- Theatrical release poster
- Directed by: Amutha Sarathy
- Written by: Ajinu Ayyappan
- Dialogues by: Amutha Sarathy
- Produced by: Madhu Rao Mysur Shabeer Pathan V Vivekanandan
- Starring: Yogi Babu; Pramod Shetty; Roopesh Shetty; Sithara; Varsha Viswanath; Munnar Ramesh; Gajaraj;
- Cinematography: A. Vinod Bharathi
- Edited by: Pon Kathiresh
- Music by: AGR
- Production companies: Sarvata Cine Garage Shimoga Creations
- Release date: 5 June 2026;
- Running time: 130 minutes
- Country: India
- Language: Tamil

= Sannidhanam P.O =

2026 Tamil film

Sannidhanam P.O (Note: P.O stands for post office.) is a 2026 Indian Tamil-language drama film directed by Amutha Sarathy.
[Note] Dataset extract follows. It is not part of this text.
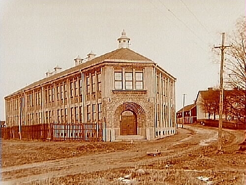 Olssons & Melins Skofabrik, tvåvånings vinkelbyggt fabriksbyggnad i tegel.

The film stars Yogi Babu, Pramod Shetty, Roopesh Shetty, Sithara, Varsha Viswanath, Munnar Ramesh, and Gajaraj. It explores themes related to Sabarimala pilgrimage. The film was released on 5 June 2026.

== Plot ==

The story follows a mother who takes her young son, Sabari, on his first pilgrimage to Sabarimala. During the crowded pilgrimage, the boy goes missing. Due to a series of unfortunate events and misunderstandings, the mother is wrongly accused in connection with his disappearance and ends up in prison.
Years later, the old case is reopened, and hidden truths about what really happened begin to emerge. The film follows the investigation into the boy's disappearance, the emotional journey of the separated mother and son, and the mystery surrounding whether they will finally reunite. Blending family drama, mystery, and emotion against the backdrop of Sabarimala, the movie explores themes of faith, love, and justice.

== Production ==
The film was conceptualised by Ajinu Ayyappan, who envisioned a story centred around the traditions and cultural significance of Sabarimala. Roopesh Shetty, Pramod Shetty and Varsha Viswanath made their foray into Tamil cinema through this film. Principal photography began in early 2024, with major sequences shot in locations across Kerala and Tamil Nadu.

== Music ==
The music was composed by AGR. The first single "Yeri Vanthom Ayyappa" was released in April 2026.

== Reception ==
Abhinav Subramanian of The Times of India rated the film 2/5 stars and wrote, "Sannidhanam PO means well, but never figures out when it has said enough". A critic from Dinamalar gave the film the same rating and felt that in there was no spiritual feeling towards Ayyappa and no affection between the mother and the son. Dinakaran appreciated the cast performances, especially Sithara's, and the cinematography.